My mind starts working funnily when I'm running a temperature. It becomes very very active, and something about my pattern-recognition wetware goes into overdrive. A quite a while ago I got a nasty stomach bug which prompted me to produce hundreds of naughty syllabic inversions from short phrases. You know, bucking a fox, that sort of thing. I don't remember any of them, but I had a witness so I wasn't just imagining it.

This time, I was obsessing about feng shui.

Feng shui isn't just about furniture arrangement. It's a system of geomancy; placing buildings, structures, roads, canals, and what have you in auspicious arrangements. I felt like I was just on the cusp of some great revelation. It had something to do with Qin Shi Huangdi, the First Emperor. I realized that what he was actually doing was engraving a spell on the Earth, which laid the foundations of China. Those canals, walls, cities, and especially mausoleum (yin feng shui, see) was the whole point of the exercise.

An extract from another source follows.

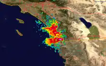 The October 2007 California wildfires, also known as the Fall 2007 California firestorm,[11] were a series of about thirty wildfires (17 of which became major wildfires)[4] that began igniting across Southern California on October 20. At least 1,500 homes were destroyed[12] and approximately 972,147 acres (about 3,934 km2, or 1,520 mi2) of land was burned from Santa Barbara County to the U.S.–Mexico border, surpassing the October 2003 California wildfires in scope, which were estimated to have burned 800,000 acres (3,200 km2).[1] The wildfires killed a total of 14 people, with nine of them dying directly from the fires;[13] 160 others were injured, including at least 124 firefighters.[1][14] At their height, the raging fires were visible from space.[15] These fires included the vast majority of the largest and deadliest wildfires of the 2007 California wildfire season. The only wildfire in 2007 that surpassed any of the individual October 2007 fires in size was the Zaca Fire.[16]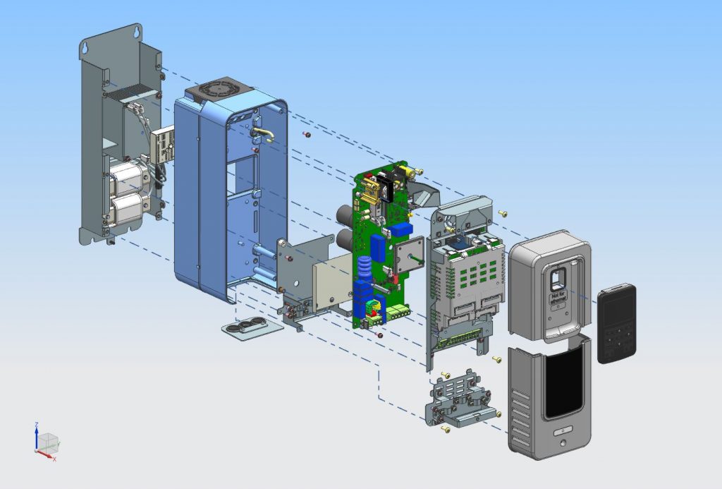 During development, specific components – including sheet metal parts, cables, conductive rails of different sizes and shapes and various injection-molded parts – had to be reviewed and optimized based on manufacturability and mountability (DFMA). During the development, we supported our partner from the concept to the beginning of series production.

Yeah, it felt more impressive when I was actually thinking it. I'll let you know if there's any progress.

But it did bring home to me once again how deeply intertwined our physical and mental states really are. Yet the gap between neuronal activity and phenomena of consciousness remains unbridged. We're constantly learning more about how the brain/mind interaction works, but we're no closer to discovering what the mind is.

I kinda like it that way.


  1. Engraving a spell on the Earth? the word 'conceit' comes to mind -- though he was the first emperor after all... though your hunch is almost surely correct.

  2. That's because modern science doesn't see the mind/consciousness/spirit as something separate from the brain itself.

    Your brain is all of that. You can't separate them.

  3. That doesn't really answer anything. Does a lump of matter somehow become conscious? If so, how does that happen? If not, what other alternatives are there? Simply stating that they are not separate or separable doesn't really answer anything.

    1. There is no line between consciousness and brain. Unless you want to define exactly what you mean by consciousness.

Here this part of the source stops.